Let’s start from a fact: the environmental impact of packaging is much lower than that of dairy products.
This, of course, does not justify over-sizing solutions (over-packaging). Especially when the goal is only to increase the volume of products to ensure greater visibility on the shelves. If over-packaging is an environmental (also) problem, the exact opposite (under-packaging) is even more dangerous. The reason is simple: a packaging that does not fulfil its functions risks generating food waste with disastrous repercussions in economic, social and even environmental terms.
As shown in the graph, packaging solutions that guarantee the least environmental impact are designed to optimize the use of materials in relation to the performance of shelf life, transportability, accessibility. It is, in fact, a balanced packaging, which is proposed with the right measure: enough and what is needed.
What happens in the case of over-packaging? The environmental impact increases linearly. This is due to an excessive and unnecessary use of packaging materials.
Whereas in the case of under-packaging? The environmental impact unfortunately increases exponentially. This, for dairy products, is due to the food waste that is generated by the lack of ability of the packaging to ensure the correct storage and accessibility of products.
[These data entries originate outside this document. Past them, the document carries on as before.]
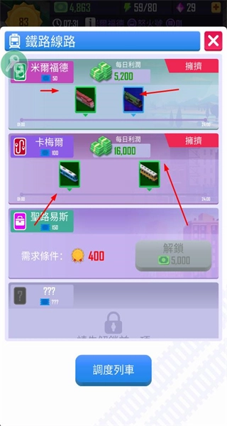 3、解锁铁路线路并调度列车,提升车站的客运效益,增加经营收益。
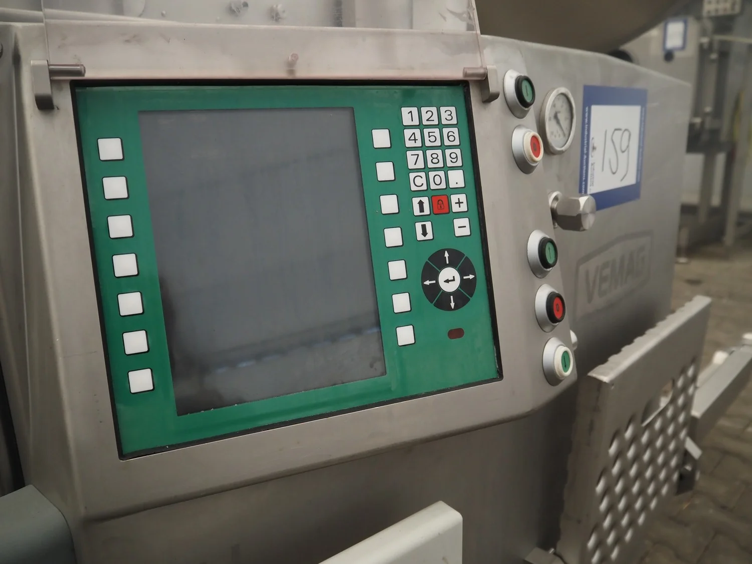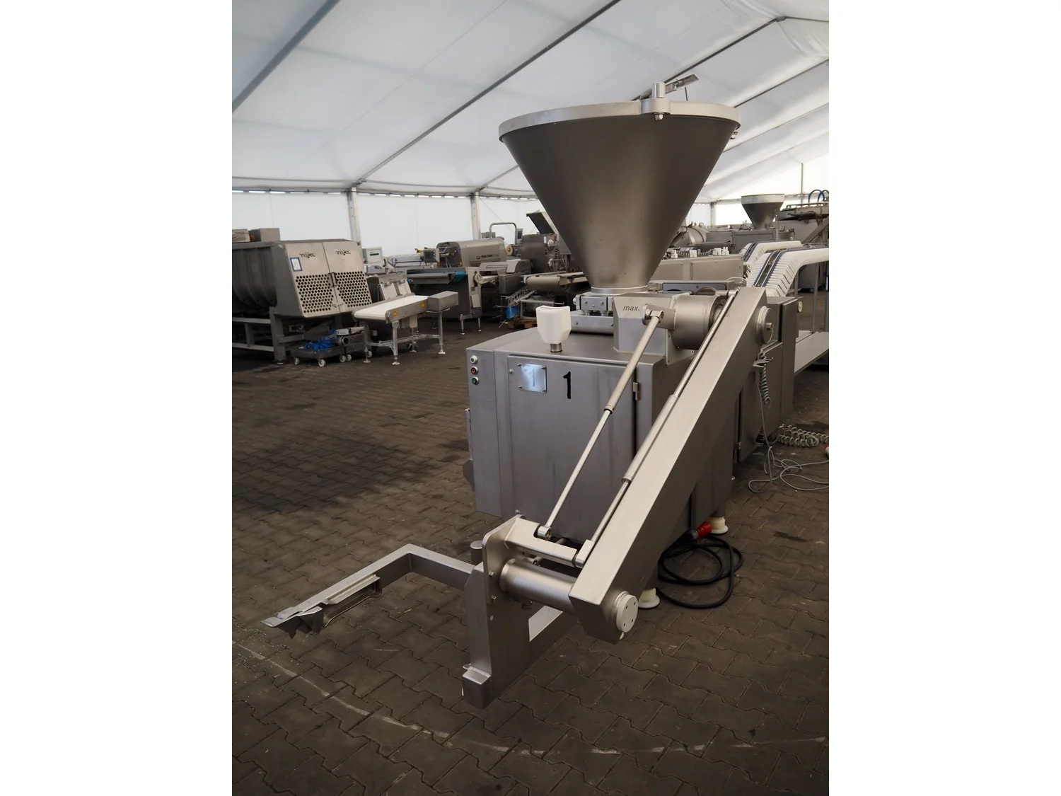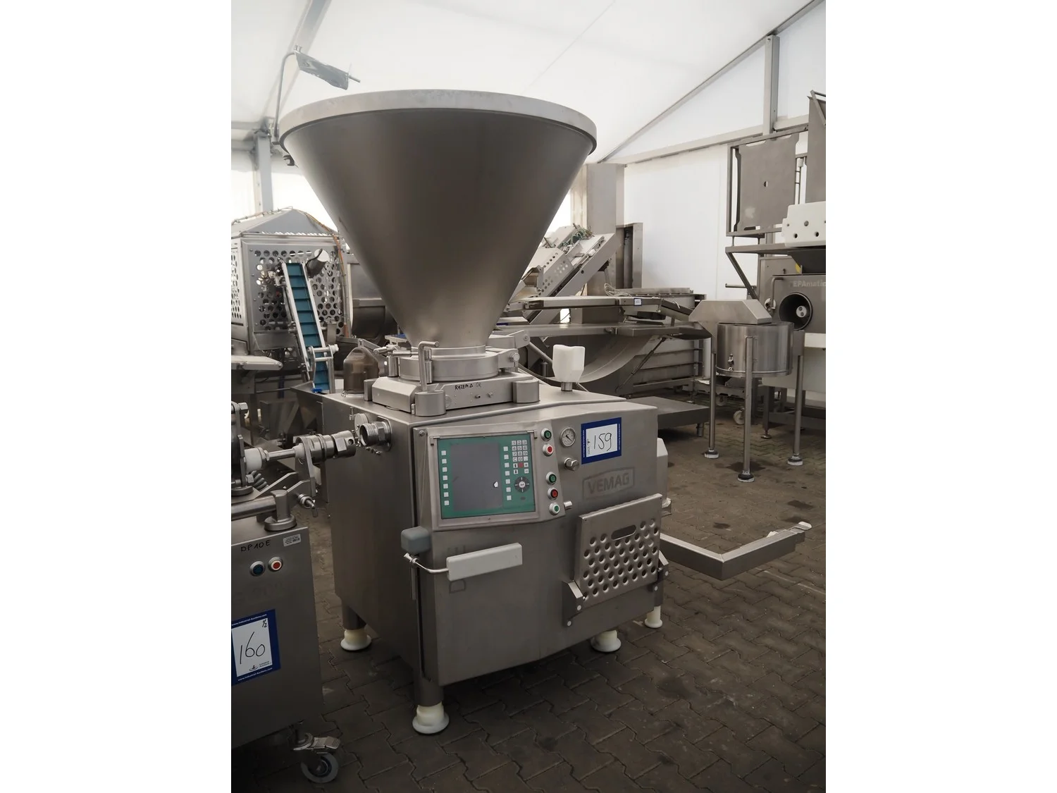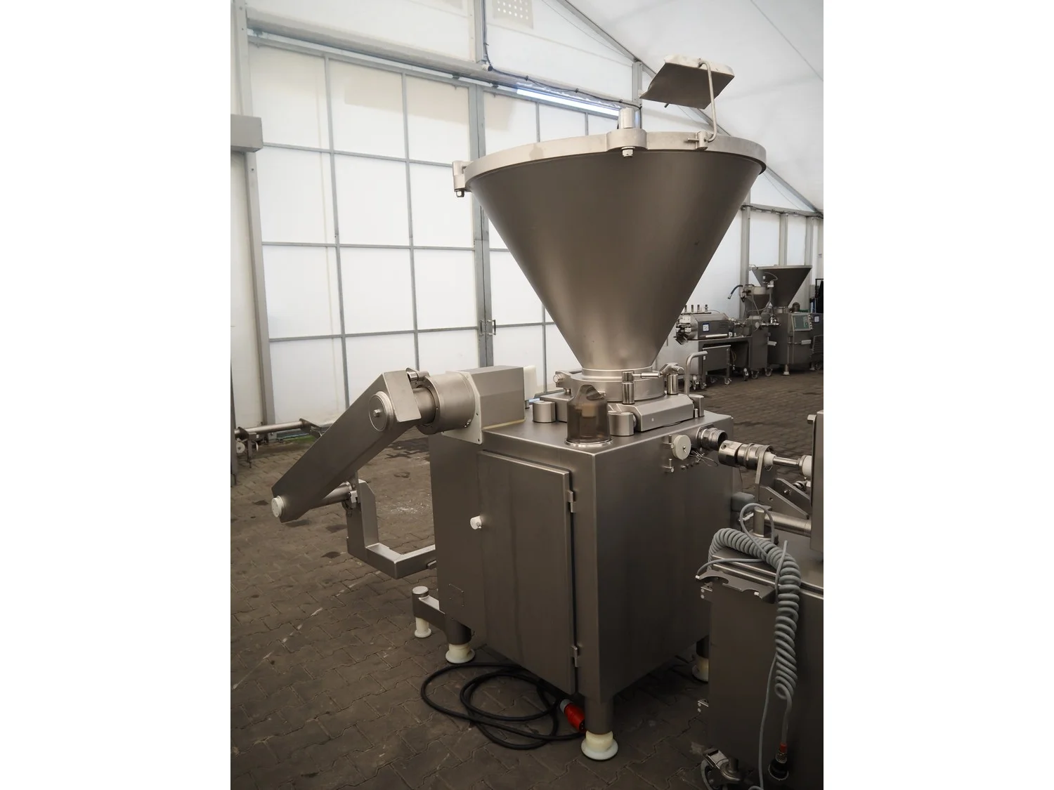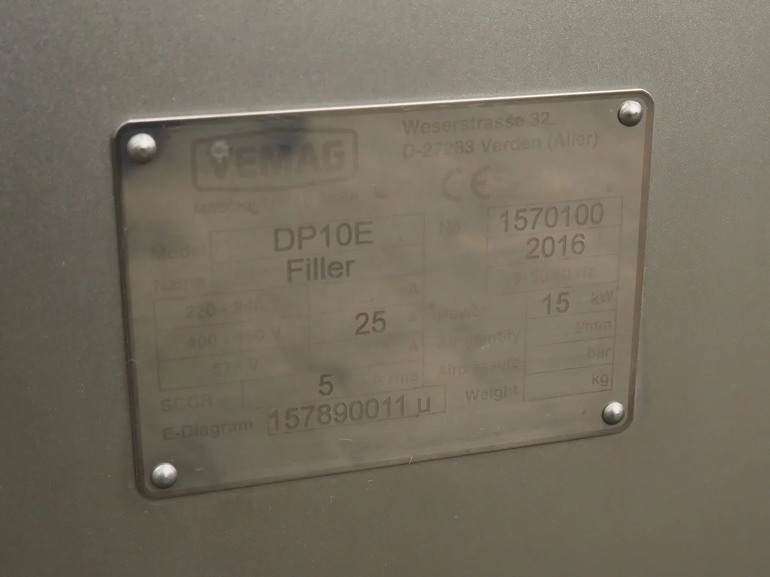 Vemag vacuum filling machine with lifter for 200 liter meat bins, model: DP10E, number: 1570100, year of construction: 2016, 400-460 V, 3 Ph, 50/60 Hz, 25 A, 15 kW, dimensions: 2250 mm x 1400 mm x 2120 mm.
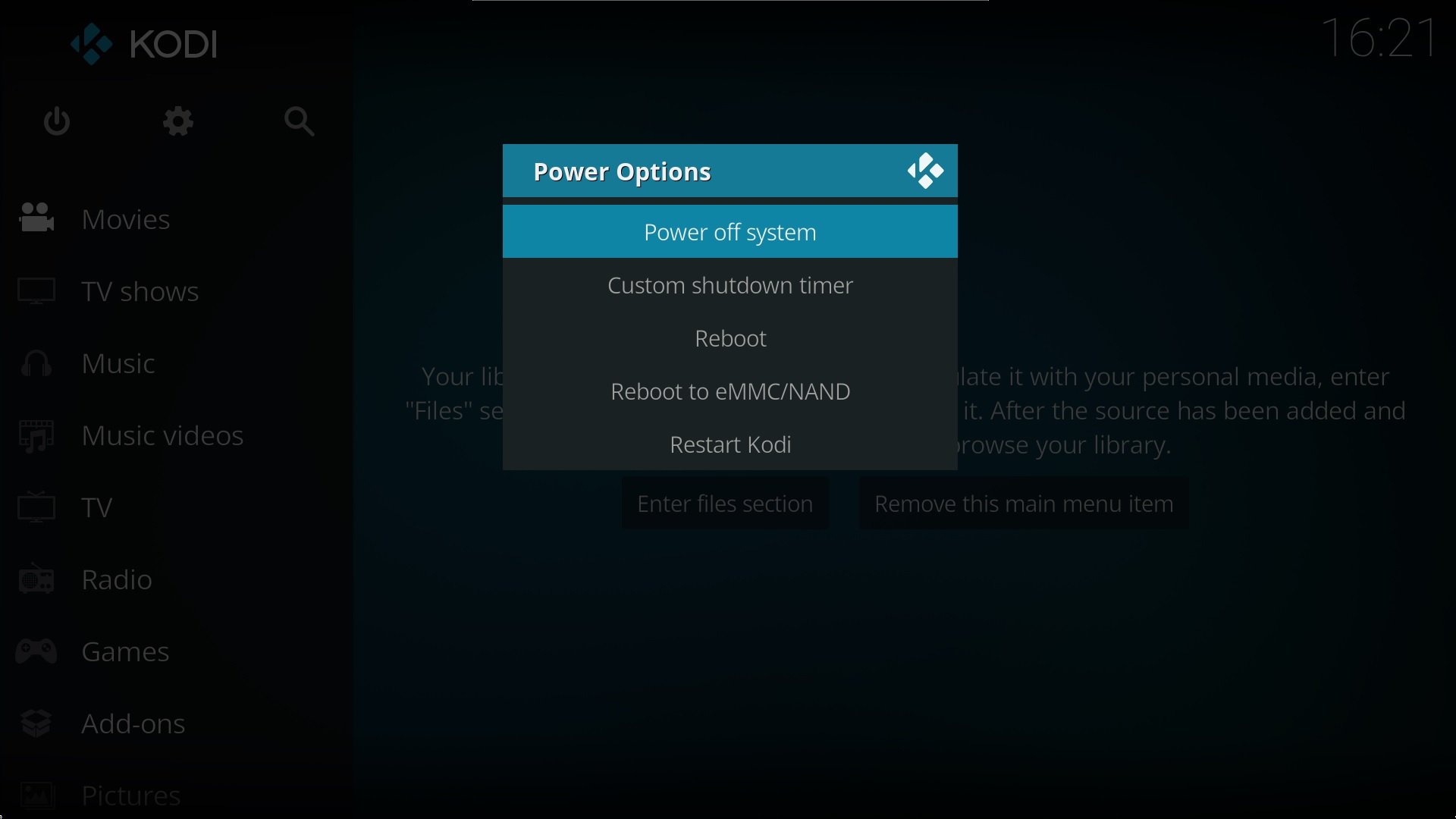Each Kodi skin uses its own powermenu config, so there's not much point in adding it to Estuary by default, not to mention that this menu item will appear in English on non-English languages as well, which is quite confusing for some users. I don't think you're using the Estuary skin either, because there's no Exit menu item under LE.

One area of packaging, often taboo, but very important to promote sustainable production and consumption systems is communication. Packaging is in fact the informative interface that connects the consumer with the product. It is therefore essential to acquire knowledge (including environmental) on the content and its container. Through packaging, the consumer must be informed about storage methods, how they are prepared and administered, and how they are disposed of. Packaging must guarantee the best information, the most useful and necessary.
In order to be communicatively balanced, packaging must not exaggerate in its promises but must balance what it says with what it contains and conveys, avoiding the overcrowding of information that confuses the beneficiary.